-------- DATASET SECTION

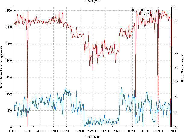 - Max Wind Speed: 13.5 ms-1 Time: 16:21:30 GMT
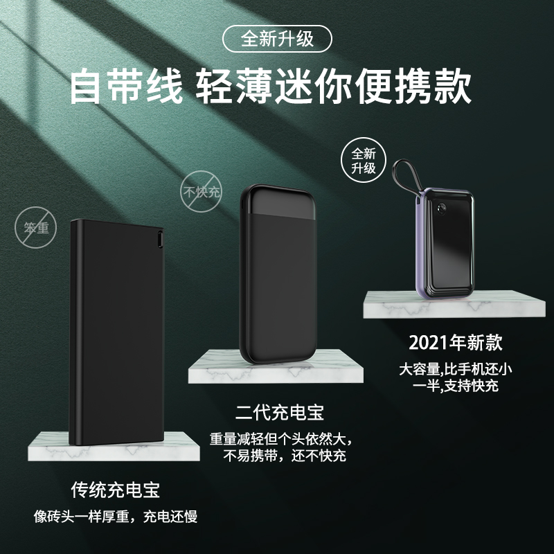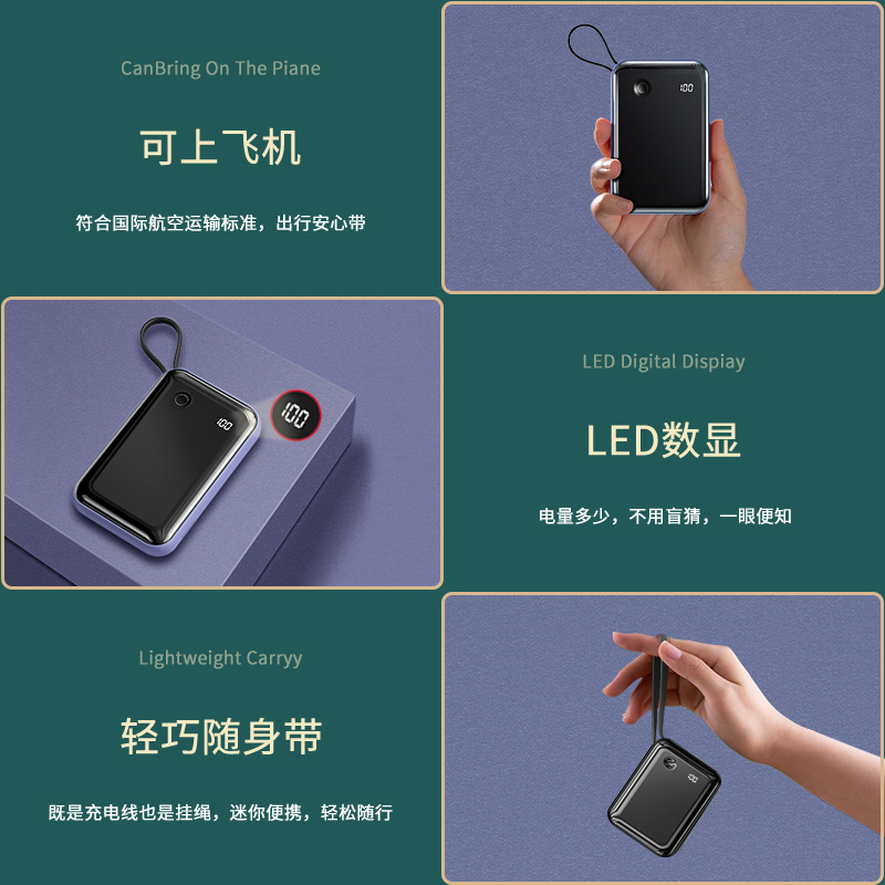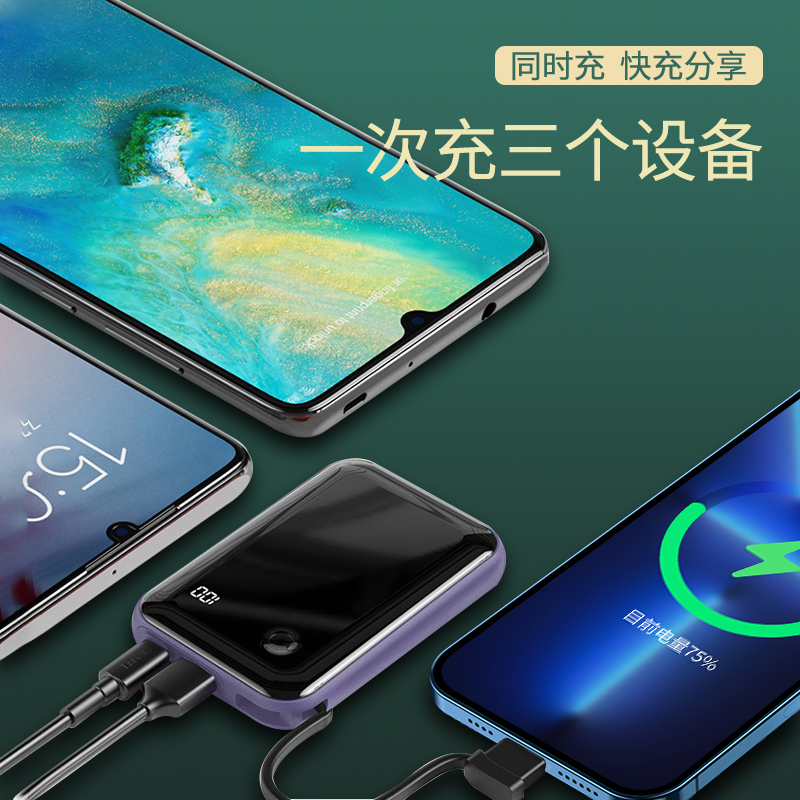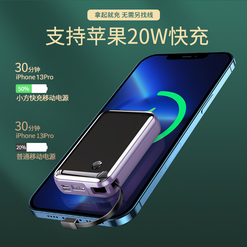 Beth Charging Treasure 20,000 mAh self-cable small square 20W fast charge super capacity ultra-thin compact portable mobile power supply is suitable for Apple dedicated Huawei 12 with data cable
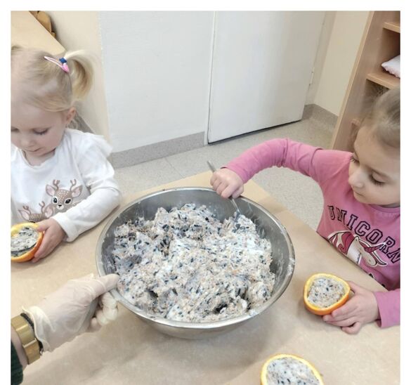 Podczas zajęć dzieci: Samodzielnie przygotowały "ptasie pyzy" – mieszały ziarna i nasiona z naturalnym tłuszczem w wielkiej misie. Wykorzystały ekologiczne karmniki
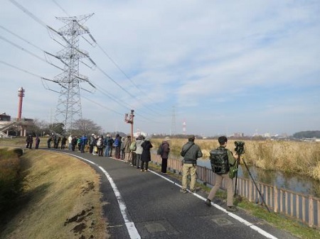 下見(10日)と違って、風が殆どなく、薄日が差す探鳥日和の例会となった。 初参加者4名を含む39名、車10台に分乗して出発した。 最初の第二機場に着いて、カワセミを見つけ楽しんでいるとすぐ上空を偶然に大型の鳥の編隊飛翔がありカメラにて確認するとなんとオオハクチョウ7羽とシジュウカラガン1羽という吉兆に恵まれた。 遊歩道をオオジュリン、ホオジロ、アオジなどを探鳥しながらヒドリ橋へ向かう。先着ドライバー達と合流すると、まず沼上を舞うミサゴが目に入った。冬季にも拘わらず繁茂しているナガエツルノゲイトウの中州でバン、大津川を鳴きながら横切るクイナに出会う。日当たりは少し暑い程になった。 道の駅はリニューアルオープン(16日)直前で素通り、且つ下見時認めたマガンを探す時間を確保するためハス田も割愛し染入落へ直行した。 微風のためカモ達は、風除けせず湖面中央近くに点在していてくれた。主にマガモ、カルガモでしたがその群れの中にヒドリガモが混ざり、ミコアイサの小群も見えた。お目当てのマガンを必死に探すが今日は居ないようだ。中央部のカンムリカイツブリの小群を横目にトモエガモを探す。居た!マガモの群れの端にゆっくりと落ち着いた姿を見せてくれた。 結果的に、カモ科15種が認められ時間配分を下沼重点にした成果といえる。 第二機場での吉兆は正しく、合計53種(昨年12月は48種)を認めることができた。 報告 松本勝英 |

----------------

TASK OBJECTIVE: No pictures belong in the answer, only the lines from the top of the listing through the line containing "Beth Charging Treasure", repeated word for word.

ANSWER SECTION:
 - Max Wind Speed: 13.5 ms-1 Time: 16:21:30 GMT
 Beth Charging Treasure 20,000 mAh self-cable small square 20W fast charge super capacity ultra-thin compact portable mobile power supply is suitable for Apple dedicated Huawei 12 with data cable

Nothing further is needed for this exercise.